Avouons qu’avec les balbutiements de l’ère du CD, le film interactif est un genre ludique qui a faillit péricliter. Certains se souviennent sans doute de Dragon’s Lair, d’autres de Night Trap. Après quelques essais sur Playstation, on pourrait croire que le genre tomba en désuétude. Personne n’avait réellement envie de débourser plein pot pour des jeux à l’intérêt et la durée de vie limitée. Plusieurs facteurs sont cependant venus changer la donne ces dernières années. En premier lieu l’évolution du jeu d’aventure, avec des titres comme Heavy Rain ou The Walking Dead, qui ont troqué leurs énigmes contre une attention portée vers le scénario. On peut également citer l’expérience de Bandersnatch, épisode spécial de l’excellente série Black Mirror sur Netflix, qui a ressuscité le genre.
Le jeux-vidéo en ligne ayant permis de réduire les prix, plusieurs studios ont récemment décidé de franchir à nouveau le pas. Her Story a fait un peu de bruit. Plus récemment, Late Shift, The Complex ou Telling L!es ne sont pas parvenus à convaincre tous ceux qui s’y sont essayés. C’est au tour du studio russe Rhinotales de s’essayer à l’exercice avec She Sees Red pour un résultat convaincant.
Tout ayant été tourné dans la langue de Dostoïevski, on vous conseille d’opter pour la VO côté voix, les doubleurs américains étant quelque peu caricaturaux. Côté sous-titres, quelques subtilités semblent s’évanouir en fonction des langues. Ne pratiquant pas le Russe, on a une préférence pour la version anglaise qui n’est cependant pas plus exempte de fautes de frappe que le français.
Ce qui nous permet d’évaluer les différentes langues est bien entendu la durée de vie extrêmement courte du jeu. Nous sommes invités à parvenir au bout du jeu par deux fois, conseil que l'on suit donc au bout des 30 minutes suffisantes pour achever la première. Un score honorable compte tenu des différents embranchements ici réalisés.

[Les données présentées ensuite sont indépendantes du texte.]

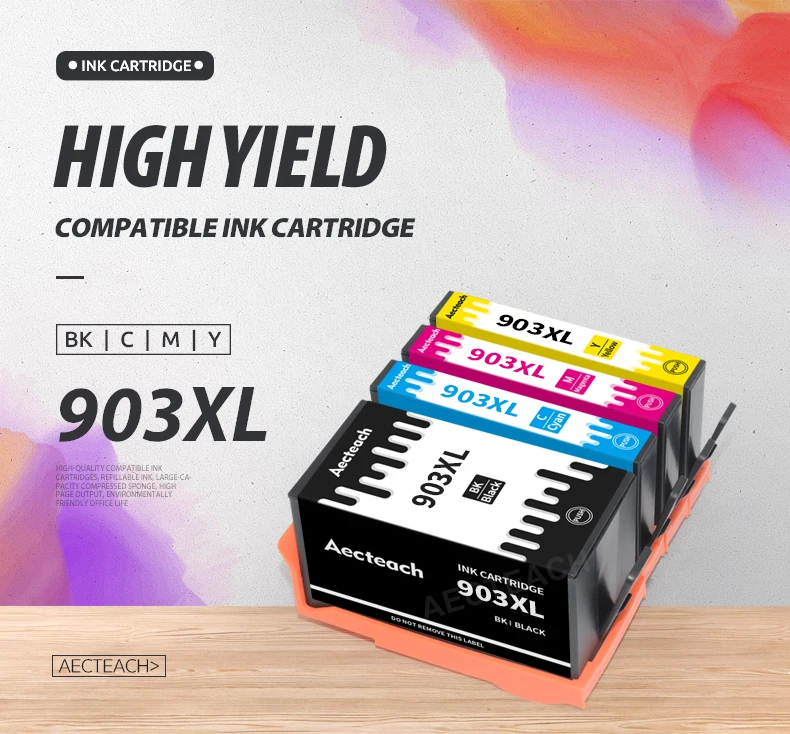1 черный картридж + 1 Голубой картридж + 1 пурпурный картридж + 1 Желтый картридж для HP 903XL, полный с чернилами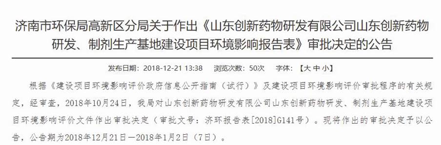 濟南政府相關(guān)網(wǎng)站2018年12月21日發(fā)布的濟南市環(huán)保局高新區(qū)分局審批公告顯示,“2018年10月24日,我局對山東創(chuàng)新藥物研發(fā)有限公司山東創(chuàng)新藥物研發(fā)、制劑生產(chǎn)基地建設項目環(huán)境影響評價文件作出審批決定(審批文號:濟環(huán)報告表[2018]G141號)”(見圖三)。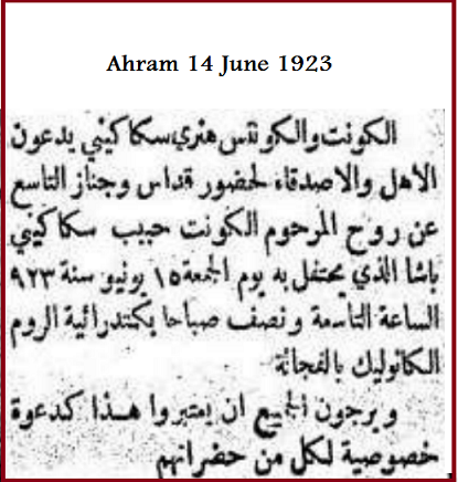 NB: Habib Sakakini Pasha's adopted son Henri (b. 1889) is the grandfather of movie director Asmaa (Fathia) El Bakry through her mother Henriette H Sakakni.

En mettant de côté la possibilité initiale de ne tout simplement pas jouer au jeu, 4 fins principales sont ainsi possibles (qui peuvent faire l’objet de subtiles variations), ces dernières ne dépendant réellement que de 2 des 10 choix effectués. Reste à savoir si cela suffira à vous convaincre de débourser les quelques euros (une broutille face au coût de tels jeux dans les années 90)

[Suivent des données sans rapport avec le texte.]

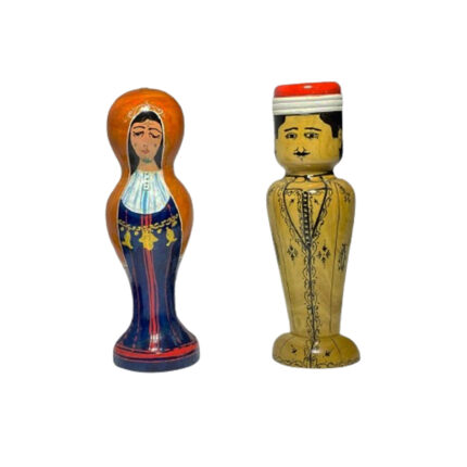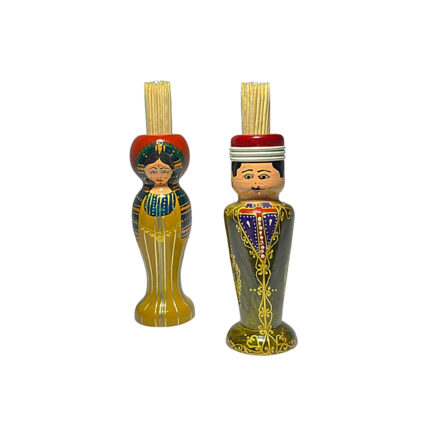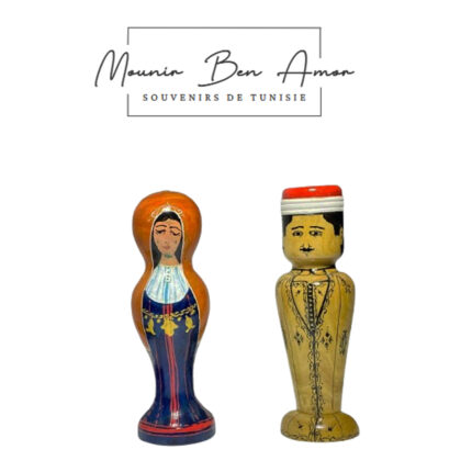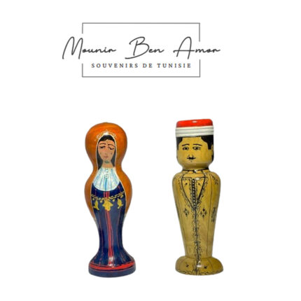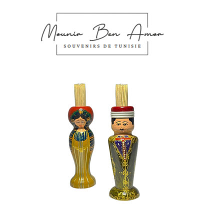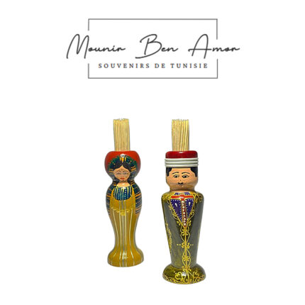 Set de 2 Porte cure dent de décorative peint à la main sur bois d’olivier Sélection de 2 figurines de couple tunisiens en habit traditionnel Souvenir De Tunisie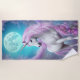 White Unicorn with Purple Flowers & Moon Beach Towel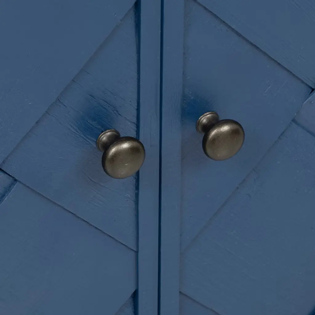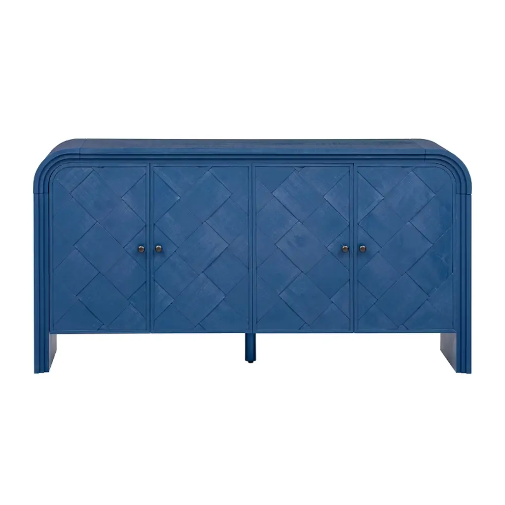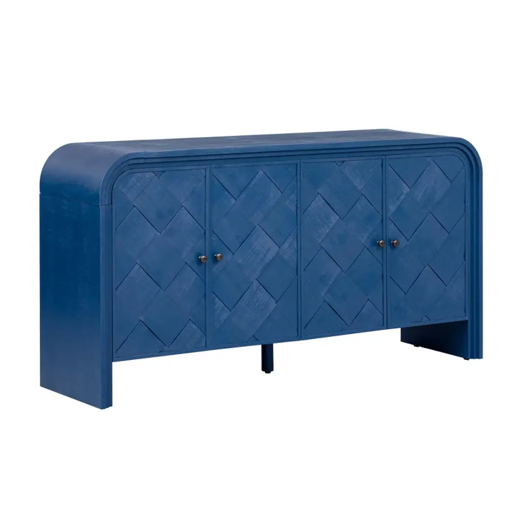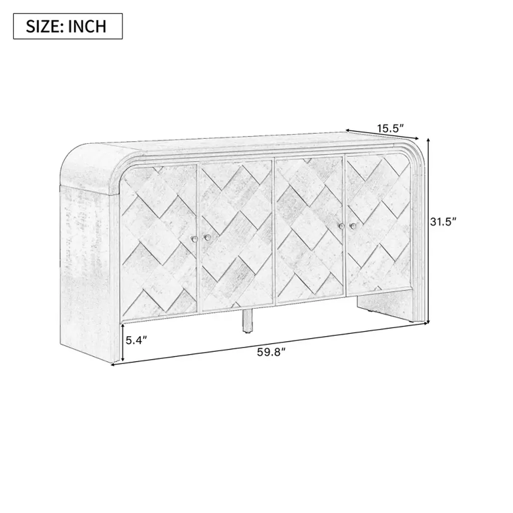 Designed with safety and style in mind, this versatile storage cabinet features gently curved edges to prevent bumps and bruises. Four panel doors showcase meticulously handwoven diamond-pattern detailing, paired with distressed handles that exude timeless charm.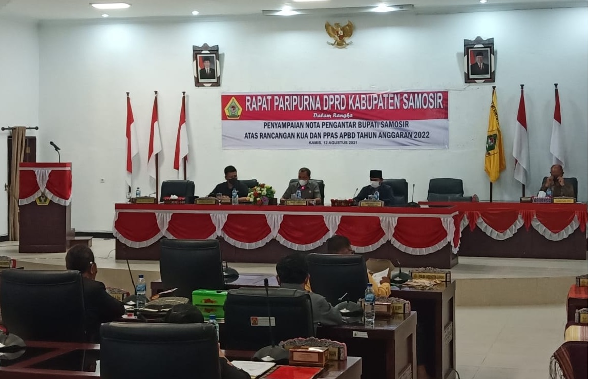 Bupati Samosir menyampaikan Rancangan Kebijakan Umum Anggaran dan Prioritas Plafon Anggaran Sementara APBD Tahun Anggaran 2022 yang diawali mengajak mendoakan agar wabah Covid-19 segera teratasi dan menyampaikan apresiasi dan terimakasih kepada seluruh tenaga kesehatan, TNI, Polri dan relawan yang telah bekerja keras dalam penanganan covid-19 di Kabupaten Samosir.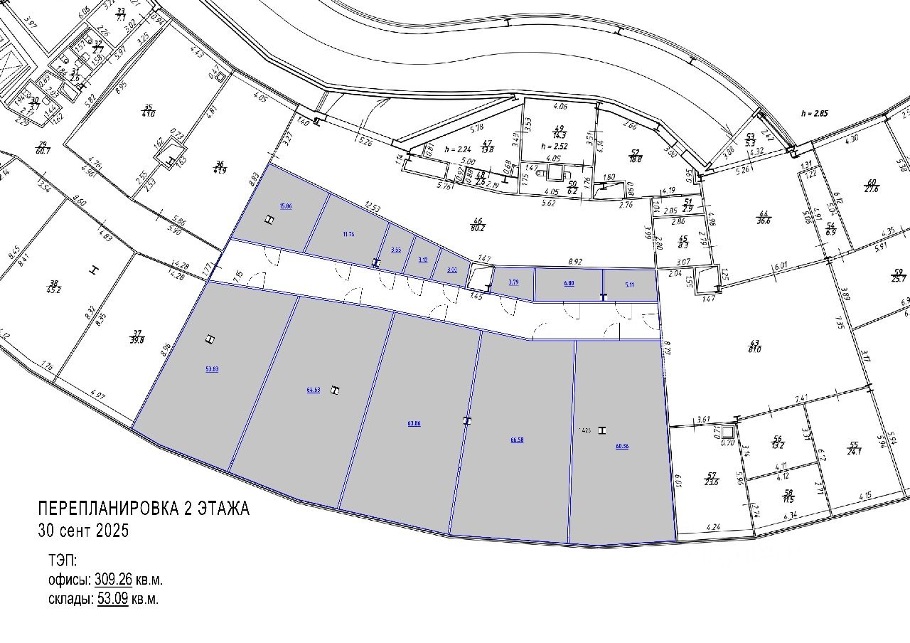 Офисные помещения: 53,8 м2, 64,63 м2, 63,86 м2,66,58м2,60,36 м2 - ставка 1400 руб./м2. За все помещения - ставка 1100 руб./м2.

Reste un thriller plutôt bien ficelé, avec de véritables idées de mise en scène et des acteurs convaincants. Cette recherche dans la mise en scène obstrue malheureusement parfois le récit. L’histoire bascule constamment entre une enquête et les évènements qui conduisent à celle-ci. Si bien qu’à force d’effets de style on peut parfois s’égarer entre les deux moments du récit (la scène du sac nous a semblée particulièrement confuse la première fois). Mais ces subtilités qui nous échappent la première fois agissent comme autant de petite friandises intellectuelles à redécouvrir sur les itérations du jeu.
On a particulièrement apprécié les cascades dynamiques et quelques effets spéciaux – ceux que l’on ne voit pas – qui permettent de ne pas sortir du récit. Précisons pour les âmes sensibles que certaines scènes sont assez crues côté violence (voire gore), et que le jeu est réservé à un public mature. Plus que des fins alternatives, on avoue avoir éprouvé un certain plaisir à découvrir quelques détails sur le scénario que seules quelques voies permettent de découvrir. On vous encourage à pousser l’expérience jusqu’à au moins découvrir les 4 fins (ce qui ne devrait pas être trop compliqué) et débloquer l’ensemble des succès (qui manquent ici une occasion de réclamer aux joueurs de pousser plus loin leur expérience).
Le tout souffre peut-être légèrement d’un tronc commun assez redondant (les premières 5 minutes, principalement). On aurait bien entendu apprécié que tout ceci ait plus de portée, mais pour un premier jeu, Rhinotales a récolté un panel de commentaires plutôt positifs. On se joint au cortège, sans toutefois tomber dans la dithyrambe. She Sees Red est complètement oubliable, ne possède pas de sens caché, mais reste un excellent divertissement.